# save points by not getting extra armour. Heres why!



## Dagmire (Oct 9, 2008)

Guard tanks now come as squadrons all be it 1-3 they still count as squadrons. so i could take 1 tank and not bother with extra armour as we all know squadrons count crew stuned and crew shaken.
Am i wrong or have i just saved myself a good few points on my new list?


----------



## timsmith (Nov 30, 2008)

Yes your wrong here's why

PG 64 under the heading damage results against squadrons.

It states that "if a squadrons consists of a single vehicle when an enemy fires at it, it reverts to the normal rules for vehicle damage results. 
Sorry


----------



## Someguy (Nov 19, 2007)

This is probably for the best, since if single vehicles counted as squadrons they would be destroyed when immobilised.

Good catch timsmith.


----------



## Inquisitor Einar (Mar 6, 2009)

Heh, beat me to it, yup, Timsmith is right on the button... single vehicles even if it's a 'squadron' of 1 are single vehicles and are treated as such.


----------



## Spot The Grot (Jul 15, 2008)

Either way its not worth having an entire leman rus added to make a squad if it not only mkaes the squad more vulnerable.


----------



## Dagmire (Oct 9, 2008)

Yep my mistake gents, upon re-reading the page i saw my mistake......
Damn it i thought i saved 30 points there. oh well


----------



## Someguy (Nov 19, 2007)

You can save the points by not buying extra armour. I'm not sure there's a single vehicle in the codex it would ever be worth having on.


----------



## Dagmire (Oct 9, 2008)

any tank i have paid over 200 points for i want to shoot each turn. Moving my also help


----------



## Someguy (Nov 19, 2007)

Right, but extra armour doesn't make a vehicle shoot. All it does is turn a stunned result into shaken, so that it can move. A 200 point tank with extra armour does not shoot if stunned or shaken and there's nothing you can do about it.

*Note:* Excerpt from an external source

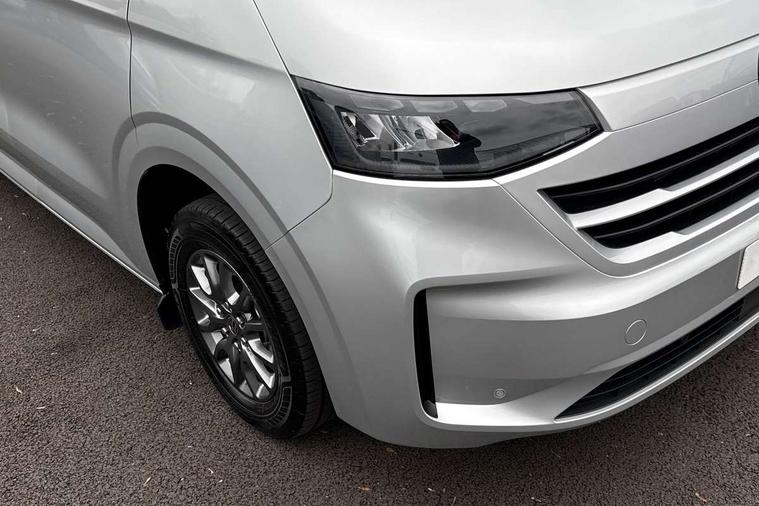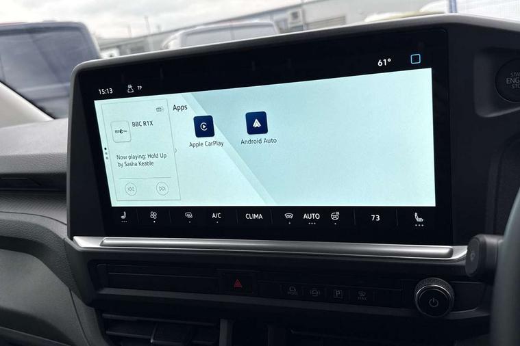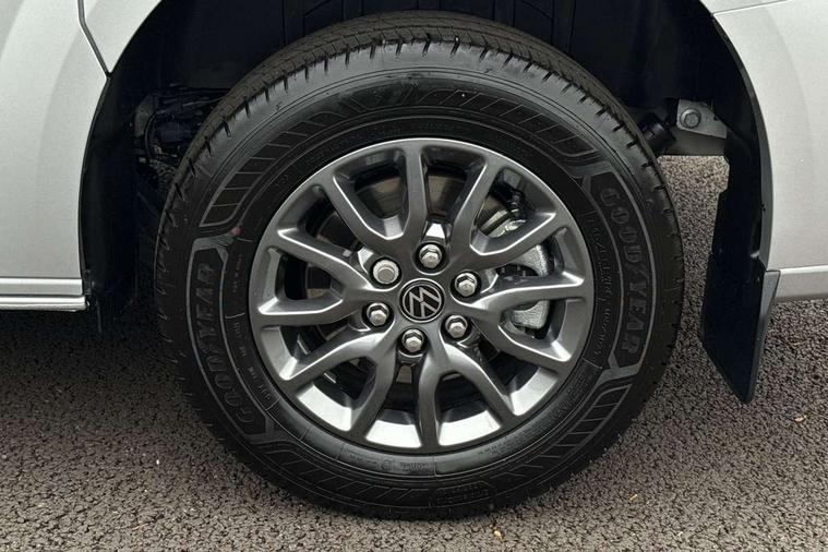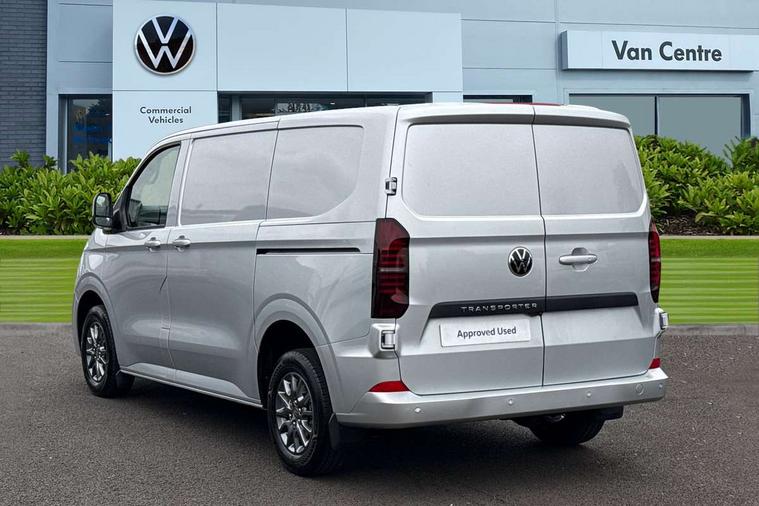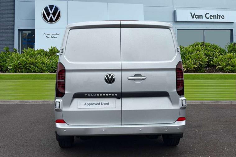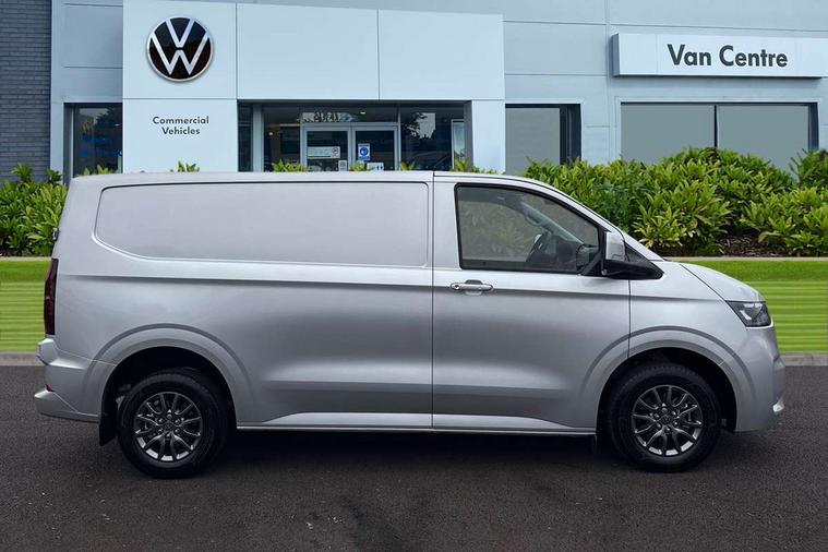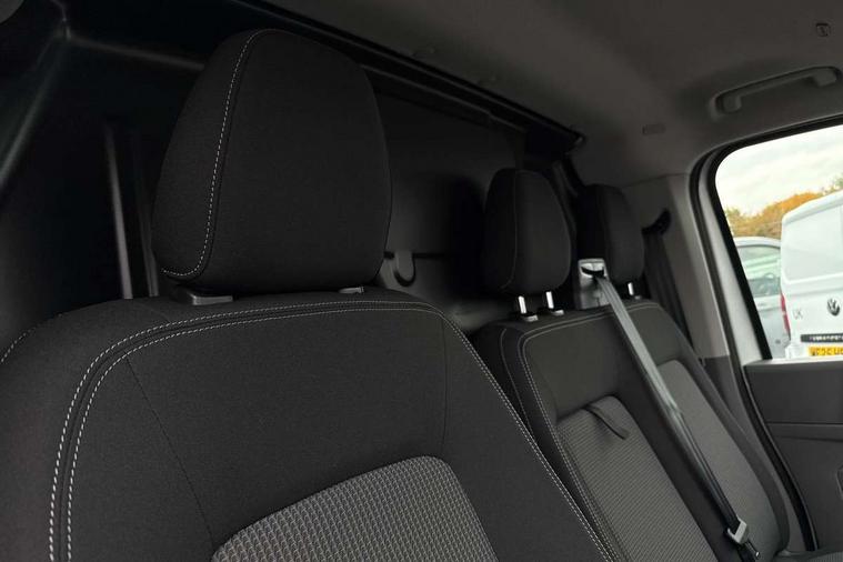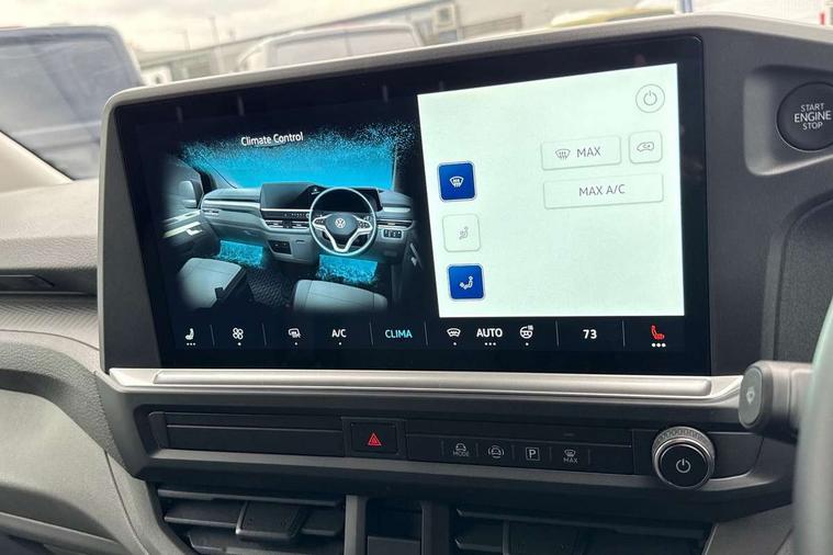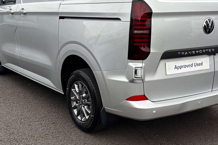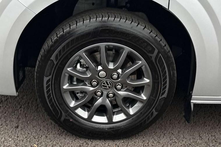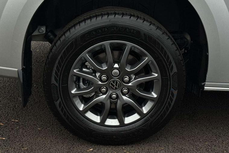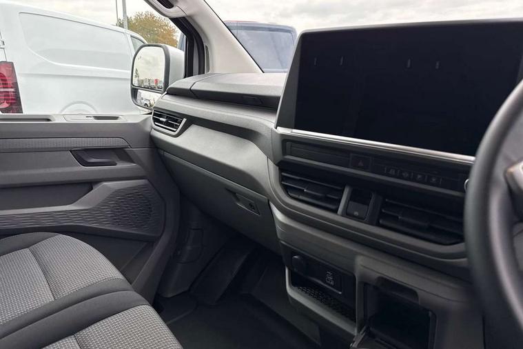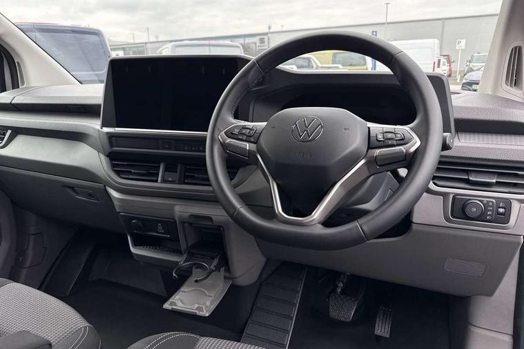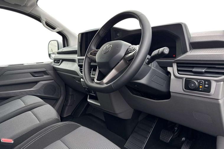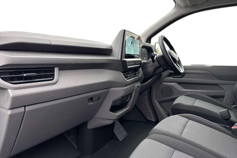 12" digital drivers display, 13" touchscreen infotainment display with wireless app connect and DAB radio, 5G Modem, Adaptive cruise control, Apple CarPlay and Android Auto, Dynamic road sign display, eCall emergency system, Electromechanical speed sensitive power steering, height and longitudinally adjustable steering column, Lane and blind spot assist with exit warning system, Preparation of VW connect and connect plus, Traffic jam assist, Wireless mobile phone charging, Wrong way driver warning, Body colour bumpers, Body coloured door handles, Body coloured door mirrors, Body coloured radiator grille, Electrically heated, adjustable and folding door mirrors, Heat reflecting side window glass, Mud flaps front and rear, Rear Transporter nameplate in black grained decorative trim, Vehicle opening configuration 1x 1st row of seats, 2x all doors, 12V outlet in centre console and 12V outlet on rear right D-pillar, 2x 15-W USB data/charging ports in dashboard and 1x USB-C, 1x USB-A center bottom, 2x LED lights in load compartment, 3x additional super bright LED lights in load compartment, 4 way height and tilt adjustable head restraints, 5 additional USB-C charging ports, Black plastic scuff plate for sliding door in cargo without illumination, Cabin interior lighting, Gear selector lever on steering wheel, Glasses compartment in driver side roof, Grab handle on A-pillar passenger side, Illuminated lockable glovebox, Lashing rings for reinforced floor covering, Narrow centre console with cup holder and compartment for mobile phone, Overhead storage compartment, Rubber floor covering in cab, Striped fabric upholstery, Without passenger seats in load compartment, Driver and front passenger airbag with front passenger airbag deactivation, Dual tone horn, Front and curtain airbags for driver and front passenger, Seat belt pretensioner for driver seat, Anti theft alarm system with interior monitoring in cab, backup horn and towing protection, Electronic immobiliser, Lockable wheel bolts, Preparation for alcohol ignition interlock, 5+ Promise, Alternator - 230A, Electromechanical brake booster, Electronic stability control, ABS, ASR with deactivation button, hill start assist and brake assist system,

Considering that your tanks basically exist to shoot, you are better off spending the points on another gun somewhere else, in my opinion.


----------



## GutCheck (Apr 28, 2009)

I think his point is, if he had extra armor he could back the tank out of the direct line of fire.
But, I agree with you. I'd spend the points on (almost) 4 more guardsmen.


----------



## Dagmire (Oct 9, 2008)

Thanks for the comments guys, now if only one of you would look at my army list.
I think in hindsight i will get rid of the extra armour and get a vox set for all my squads and 2 more rat snipers.
Thanks guys
Again someguy you make a some very good points

(the name of my 1500 list will be something like "every man and his dog")
D


----------



## Lash Machine (Nov 28, 2008)

I think that extra armour is not worth it in 5th edition as it only applies to one result on the damage table. I am going to droip it off my landraider as I feel I could spend the points else where more effectively.


----------



## Asmodeun (Apr 26, 2009)

heheh you and your "ec-stra ar-mor" it is nothing to the might of demonic possession


----------



## Creon (Mar 5, 2009)

If you believe your tanks are there to only shoot, don't buy Extra Armor. If like me you use them for battlefield control AND shooting, being able to move is important. And for troop carriers. Chimera should always have it. An APC that doesn't move is just a waste of points, IMHO.


----------